*** Block opens ***
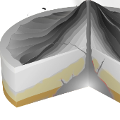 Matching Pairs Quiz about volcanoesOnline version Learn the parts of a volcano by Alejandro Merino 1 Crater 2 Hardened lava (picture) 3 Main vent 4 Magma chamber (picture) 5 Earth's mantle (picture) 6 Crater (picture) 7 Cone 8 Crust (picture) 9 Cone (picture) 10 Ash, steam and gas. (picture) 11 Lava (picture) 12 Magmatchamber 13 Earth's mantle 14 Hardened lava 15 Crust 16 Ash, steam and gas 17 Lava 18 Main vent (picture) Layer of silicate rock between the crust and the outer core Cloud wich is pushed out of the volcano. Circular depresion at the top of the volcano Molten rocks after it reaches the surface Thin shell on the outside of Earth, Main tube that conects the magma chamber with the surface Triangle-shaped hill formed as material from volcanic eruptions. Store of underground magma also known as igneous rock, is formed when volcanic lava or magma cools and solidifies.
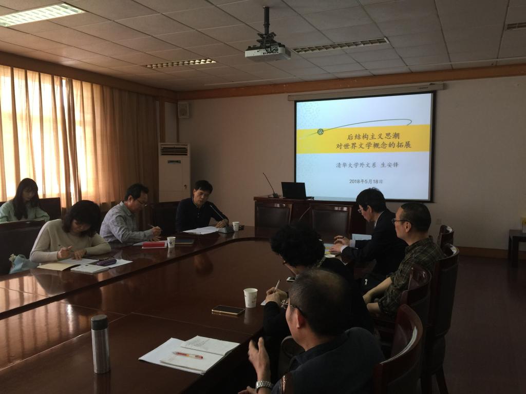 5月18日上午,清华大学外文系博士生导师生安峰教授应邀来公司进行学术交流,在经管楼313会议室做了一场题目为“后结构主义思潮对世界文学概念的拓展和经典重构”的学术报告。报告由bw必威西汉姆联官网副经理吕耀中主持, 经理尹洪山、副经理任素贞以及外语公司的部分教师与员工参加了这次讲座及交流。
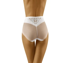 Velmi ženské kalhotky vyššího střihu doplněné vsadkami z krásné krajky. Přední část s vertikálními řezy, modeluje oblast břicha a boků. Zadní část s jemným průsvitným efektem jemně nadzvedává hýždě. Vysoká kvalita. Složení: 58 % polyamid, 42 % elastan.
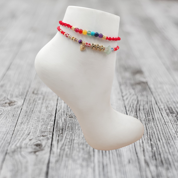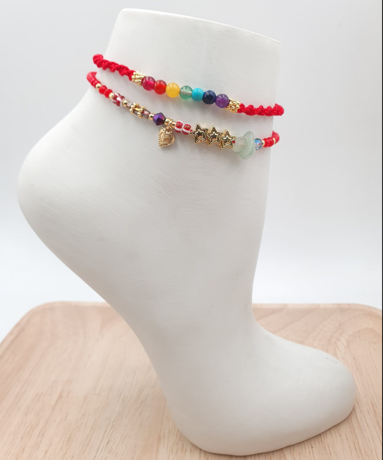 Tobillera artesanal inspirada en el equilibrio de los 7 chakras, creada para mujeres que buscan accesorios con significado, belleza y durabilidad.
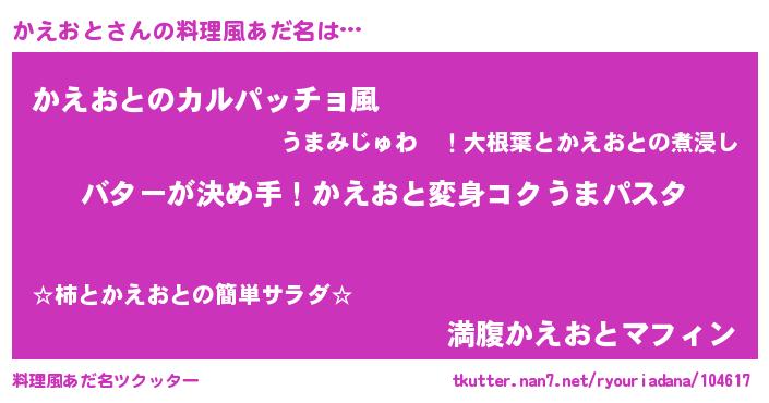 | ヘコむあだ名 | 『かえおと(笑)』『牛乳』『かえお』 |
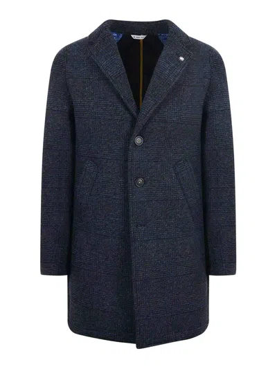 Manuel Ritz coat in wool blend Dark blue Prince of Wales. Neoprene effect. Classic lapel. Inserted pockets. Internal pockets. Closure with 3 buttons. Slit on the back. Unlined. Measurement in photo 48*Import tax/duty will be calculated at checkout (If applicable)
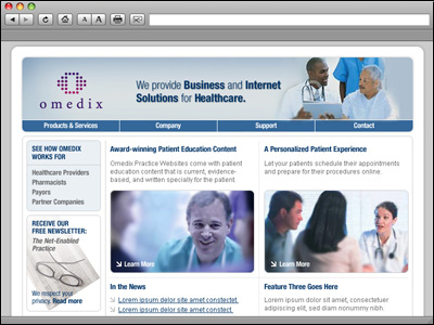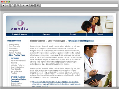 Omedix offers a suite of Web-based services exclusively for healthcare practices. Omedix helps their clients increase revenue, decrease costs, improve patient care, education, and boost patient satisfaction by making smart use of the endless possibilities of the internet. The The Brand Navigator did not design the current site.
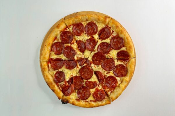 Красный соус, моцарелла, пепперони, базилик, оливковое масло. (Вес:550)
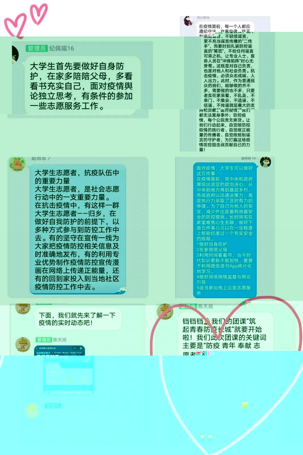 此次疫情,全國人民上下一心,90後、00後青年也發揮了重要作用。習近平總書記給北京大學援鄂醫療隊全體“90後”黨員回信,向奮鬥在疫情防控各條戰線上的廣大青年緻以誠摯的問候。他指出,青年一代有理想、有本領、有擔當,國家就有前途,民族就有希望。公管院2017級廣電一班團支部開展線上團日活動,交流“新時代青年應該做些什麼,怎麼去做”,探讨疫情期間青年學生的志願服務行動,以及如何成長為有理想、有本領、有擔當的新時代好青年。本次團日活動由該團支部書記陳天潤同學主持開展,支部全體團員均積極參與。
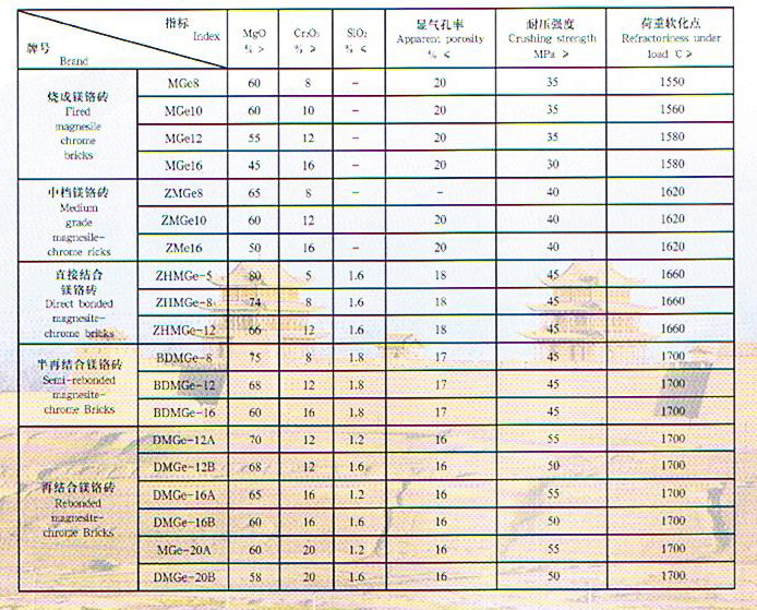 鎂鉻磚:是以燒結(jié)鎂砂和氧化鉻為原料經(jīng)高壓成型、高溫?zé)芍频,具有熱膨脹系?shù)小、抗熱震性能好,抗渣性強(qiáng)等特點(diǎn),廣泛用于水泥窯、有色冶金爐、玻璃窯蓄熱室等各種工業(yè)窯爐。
*** Block closes ***
Above, find the line holding "ヘコむあだ名 | 『かえおと(笑)』『牛乳』『かえお』 |" and the line holding "Manuel Ritz coat". Print exactly those two lines and every line between them, but no pictures.

 | ヘコむあだ名 | 『かえおと(笑)』『牛乳』『かえお』 |
 Manuel Ritz coat in wool blend Dark blue Prince of Wales. Neoprene effect. Classic lapel. Inserted pockets. Internal pockets. Closure with 3 buttons. Slit on the back. Unlined. Measurement in photo 48*Import tax/duty will be calculated at checkout (If applicable)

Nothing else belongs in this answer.